В-третьих, посмотрите, какой иногда такт в суждении, какая зрелая практичность ума, меткость в слове проявляется в этом народе, который не имеет никакой юридической подготовки, не знает римского права. Законоположение 19 февраля вызвало народ к жизни, поставило его в новые условия, – и он вовсе не оказался неспособным обсуживать свое новое положение… Если вы следили за крестьянским делом, вы не можете не согласиться, что в фактах его проявляется не одно только невежество и глупость…
Да наконец, хотя бы эта способность самоосуждения, которая проявляется на Руси с такой беспощадно-страшной силой, не доказывает ли, что самоосуждающие способны к жизни? Не в русском характере иметь такой узкий национальный эгоизм, какой нередко встретить можно у англичанина, у немца, у француза.
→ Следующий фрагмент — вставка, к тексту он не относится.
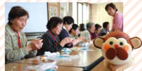
(医・福)心泉会 介護老人保健施設 ローズガーデン 〒390-0823 長野県松本市中山7494-8 TEL 0263-57-8002

福祉・介護サービスの提供だけでなく、地域とつながり、地域福祉を支えることを目指している事業所・法人の取り組みを紹介します。 (医・福)心泉会の地域「コミュニティ」「ローズカフェ」 「地域の未来を見据えた介護予防」 わたしたちのめざす地域貢献 vol. 02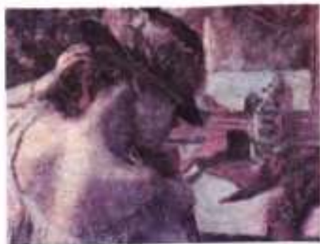
Е. Дега. Перед дзеркалом. 1899 р.

Так, на початку твору читаємо: «Хто? Бліде обличчя в обводі густо пахкого хутра. Рухи сором'язкі й нервові. Вона послуговується лорнетом»... Ми ще нічого не знаємо ані про місце дії, ані про героїв твору, але тут уже є підтекстовий натяк на театр — це слово «лорнет». Адже лорнетом називали різновид окулярів, який був популярним на межі XIX–XX ст. і за функцією відповідав театральному біноклю.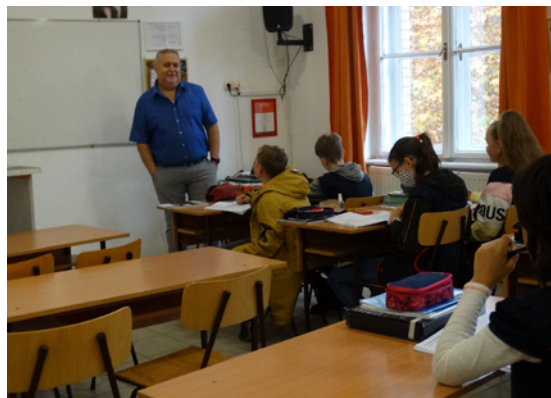
Diákjai körében- Az a jó, hogy Istenhez menekülhetünk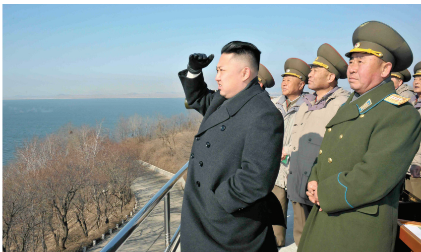
Peu de nouvelles perspectives dans le conflit autour du programme atomique nord-coréen: Kim Jong-Un passe en revue les forces armées nord-coréennes, le 15 mars 2012.

Depuis environ deux décennies, de nombreux acteurs internationaux dans différentes constellations avec la Corée du Nord se battent pour résoudre le conflit nucléaire latent. De brèves phases de rapprochement politique alternent avec des confrontations diplomatiques et militaires. La prise de pouvoir de Kim Jong-Un en décembre 2011 n'a, jusqu'à présent, rien changé à ce schéma. C'est pourquoi les acteurs internationaux devront décider s'ils veulent poursuivre la politique d'endiguement ou reprendre les négociations multilatérales.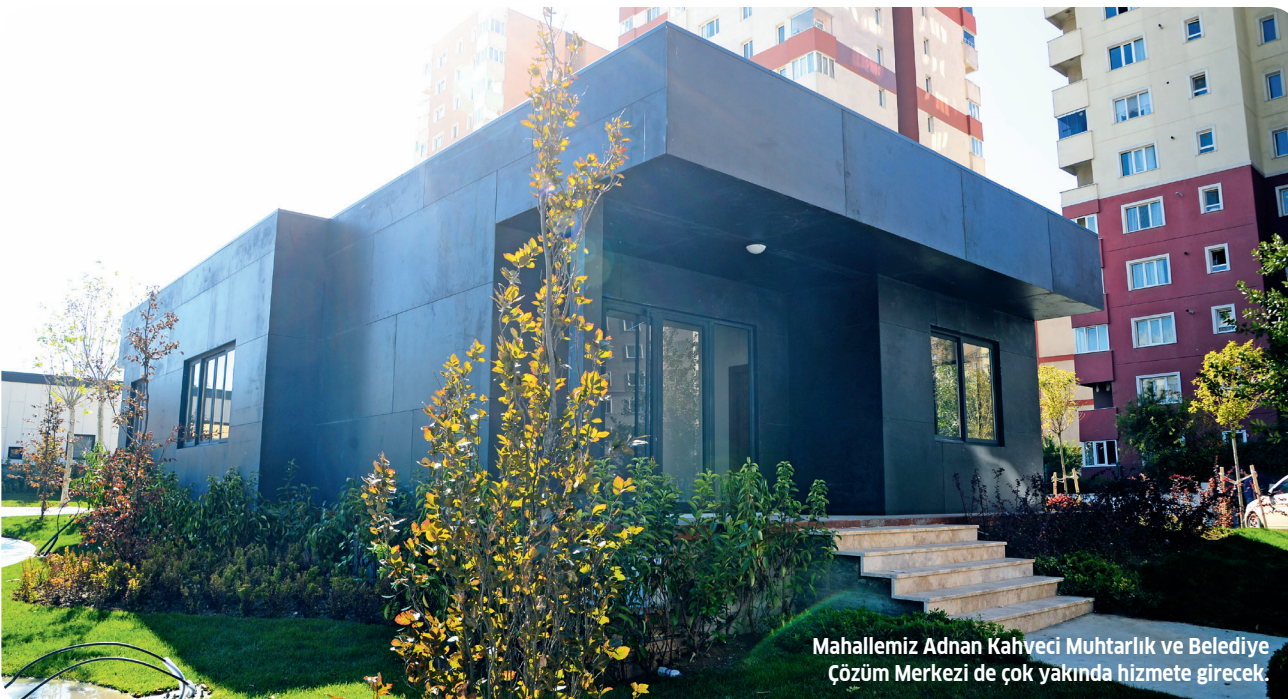
Mahallelerimiz Adnan Kahveci Muhtarlık ve Belediye Çözüm Merkezi de çok yakında hizmete girecek.

“Muhtarlık ve çözüm merkezinin birlikte çalışmasının en önemli faydası, mahallerimizdeki problemlerin daha hızlı çözülmesini sağlamış olmasıdır. Ayrıca belediyeye ilgili talep ve şikâyetlerin, belediye ana binasına gidilmeden, oluşturulan bu çözüm merkezlerinde rahatlıkla yapılabilmesi sağlanıyor.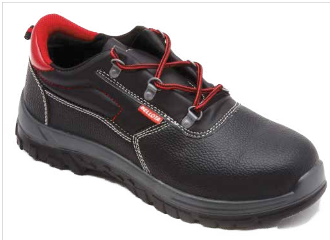
ZAPATO PIEL NEGRA Y ROJO 72301 S3

Zapato de seguridad SUPER ECONÓMICO con certificado en Categoría II según norma EN ISO 20345:11. Puntera y plantilla metálicas. Suela Bidensidad PU + PU: máxima prestación antideslizamiento -SRC. Canales anchos, zonas de frenado, absorción de impactos, Corte de piel S3. Collarín acolchado y lengüeta en fuelle.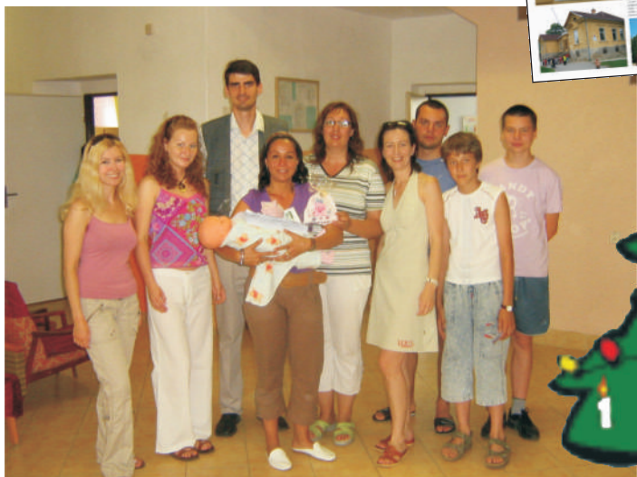
Prvé číslo časopisu pripravili spoločne žiaci a učitelia školy.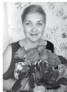
«Самый счастливый день» Просыпаясь, улыбаюсь солнцу, небу и земле! Жизнь прекрасна! Жизнь чудесна! Люди, улыбайтесь мне!

«Улыбка на миллион» Мой внук Арсений.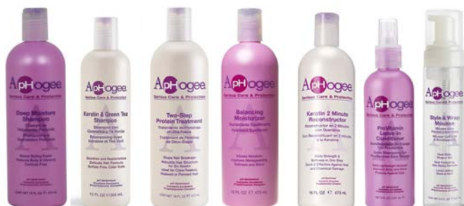
Champú 473ml Champú 355ml Tratamiento 118ml/473ml Acondicionador 473ml Tratamiento 237/473ml Leave-in 237ml Mousse 251ml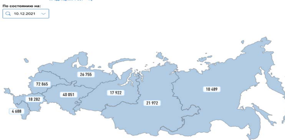
Рис. 3. Число субъектов МП в регионах России в декабре 2021 года.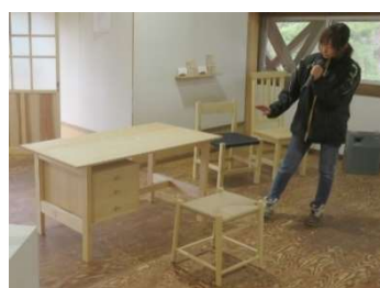
デスク・スツール製作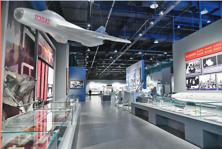
■海军博物馆以海军发展史为脉络。

Так ли народ наш привержен к своим обычаям, поверьям, своему быту, как, например, англичанин к своим учреждениям… Не потому русский народ слишком крепко держится своего,что оно свое, а потому, что он не слыхал ничего лучшего, потому что все другое, рекомендованное ему со стороны, он нашел худшим… Он потому и держится своего, что оно лучшим ему кажется из всего, что он слыхал и видал. А вот посмотрите, с какой настойчивостью отстаивает англичанин свои университеты, хотя и сознает, что их устройство далеко расходится с современными понятиями. Ему дорог английский метод воспитания и образования не потому, чтобы он считал его лучшим из всего, что он знает в этом отношении, а потому, что это свое.Или посмотрите на ту сальную иногда сентиментальность, с какою немец рассуждает о своей полиции или своих советниках, и о превосходстве немецкой нации пред другими. Вот француз, который постоянно толкует о славе нации, о своих национальных учреждениях, о военных своих подвигах, потому только, что заговори он иначе, он изменил бы своей славнойнации. Но узкая национальность не в духе русском. Народ наш с беспощадной силой выставляет на вид свои недостатки и пред целым светом готов толковать о своих язвах, беспощадно бичевать самого себя; иногда даже он несправедлив к самому себе, – во имя негодующей любви к правде, истине… С какой, например, силой эта способность осуждения, самобичевания проявилась в Гоголе, Щедрине и всей этой отрицательной литературе, которая гораздо живучее, жизненней, чем положительнеишая литература времен очаковских и покоренья Крыма.
И неужели это сознание человеком болезни не есть уже залог его выздоровления, его способности оправиться от болезни… Не та болезнь опасна, которая на виду у всех, которой причины все знают, а та, которая кроется глубоко внутри, которая еще не вышла наружу и которая тем сильней портит организм, чем, по неведению, долее она остается непримеченною. Так и в обществе… Сила самоосуждения прежде всего – сила: она указывает на то, что в обществе есть еще силы. В осуждении зла непременно кроется любовь к добру: негодование на общественные язвы, болезни – предполагает страстную тоску о здоровье.
И неужели отрицание наше кончится только одним разрушением? Неужели на месте полуразрушенных зданий ничего не воздвигнется и это место останется пустым пожарищем?.. Неужели мы настолько задохнулись, настолько замерли, что нет надежды на наше оживление? Но если в нас замерла жизнь, то она несомненно есть в нетронутой еще народной почве… это святое наше убеждение.
Мы признаем в народе много недостатков, но никогда не согласимся с одним лагерем теоретиков, что народ непроходимо глуп, ничего не сделал в тысячу лет своей жизни, не согласимся, потому что излишний ригоризм нигде не уместен… Если друзья будут о нем такого мнения, то что же останется для недоброжелателей?